Interview with the organizers of Dutch Doom Days: XVI

A few weeks before we pack our bags and head to the Netherlands for a quick trip, we managed to have an interview with Dutch Doom Days organizer, Pim Blankenstein, to discuss a few things about the festival:

Infernal Masquerade: Can you tell us a bit more about the history of Dutch Doom Days and how it all started?

Pim Blankenstein: Sure, it all started in 2002 when I (Pim) wanted to organize a show for my band Officium Triste at Baroeg. Together with the then booker of Baroeg (René Veerkamp) we decided to turn it into a daylong event with bands such as Pantheist, Jack Frost, Thee Plague Of Gentlemen and Whispering Forest. We had former Anathema bass-player Duncan Patterson on board as the DJ. For a first edition it was quite successful, so we decided to continue and here we are doing our 17th edition.

Infernal Masquerade: With such a competitive and saturated 'metal festivals' market, what do you think makes your event stand out and popular?

Pim Blankenstein: I think we were one of the first festivals dedicated to doom metal. Back then the now defunct Doom Shall Rise festival in Germany was also starting out and I think you had a couple of doom metal related festivals in the USA. So, from that perspective I think we stand out as being one of the longest running doom metal festivals around. Over the years plenty of other festivals have surfaced. A couple of them even in the same period. Still I don’t see those as competition as most of them are not that close by in the geographical sense. As a matter of fact I think it is great that other organise festivals around doom metal as it is a genre that is not the most popular form of metal. That leads me to saying that I feel we stand out because we focus on all forms of doom metal, whether it is epic doom or funeral doom. In the past we have also booked bands that even can’t be completely considered as doom, but we felt they did fit in the concept.
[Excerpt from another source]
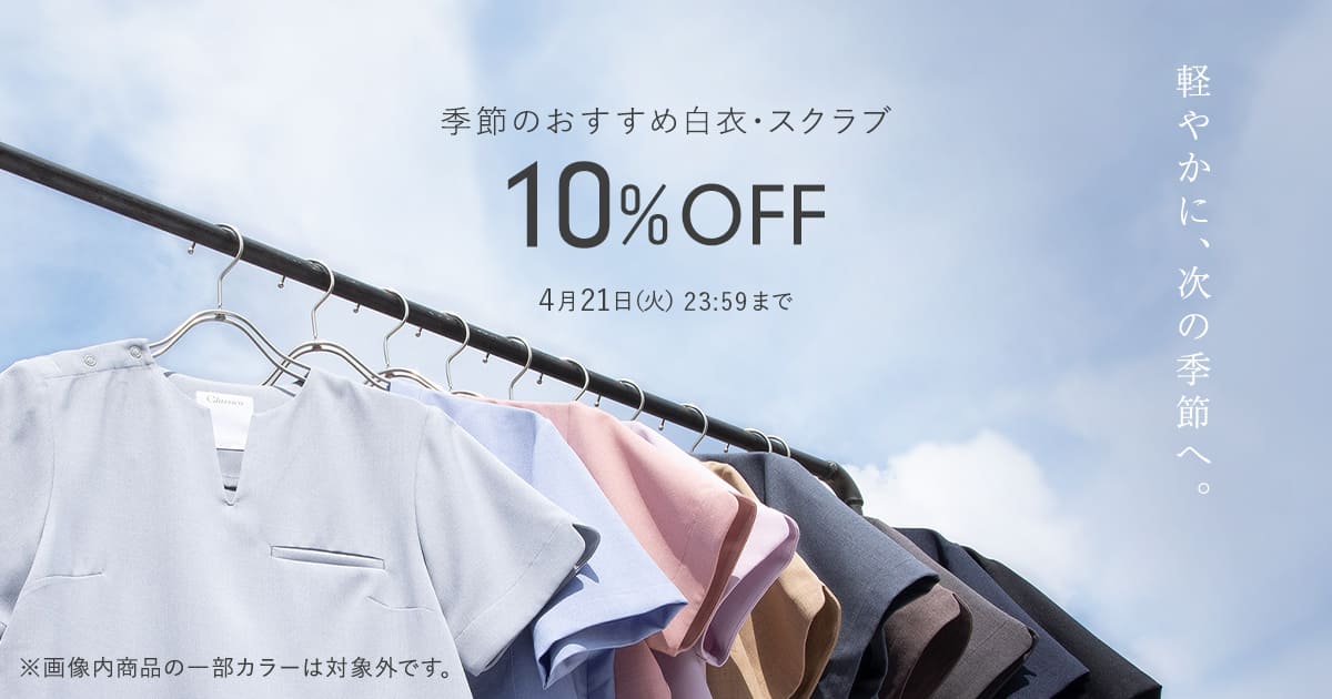 4月21日(火)まで、一部の白衣・スクラブを10%OFFにてご提供いたします。軽やかで洗練された印象が叶う「TROシリーズ」をはじめ、これからの季節にぴったりな人気アイテムをピックアップ。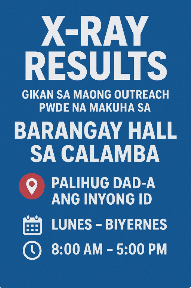 π’ PAHIBALO PARA SA TANAN TAGA-BRGY. CALAMBA (Dapit sa Sapa) Sa tanan residente sa Brgy. Calamba, ilabi na sa dapit

Next to the variety of styles we also want to give upcoming bands the chance to present themselves tom our audience. Last but not least I’d like to add that Baroeg isn’t the biggest venue so you can see the bands up-close and the atmosphere during the festival is very friendly.

Infernal Masquerade: Can you give us some of the behind the scenes things about how Dutch Doom Days gets put together (line up selection, promo, venue, etc)?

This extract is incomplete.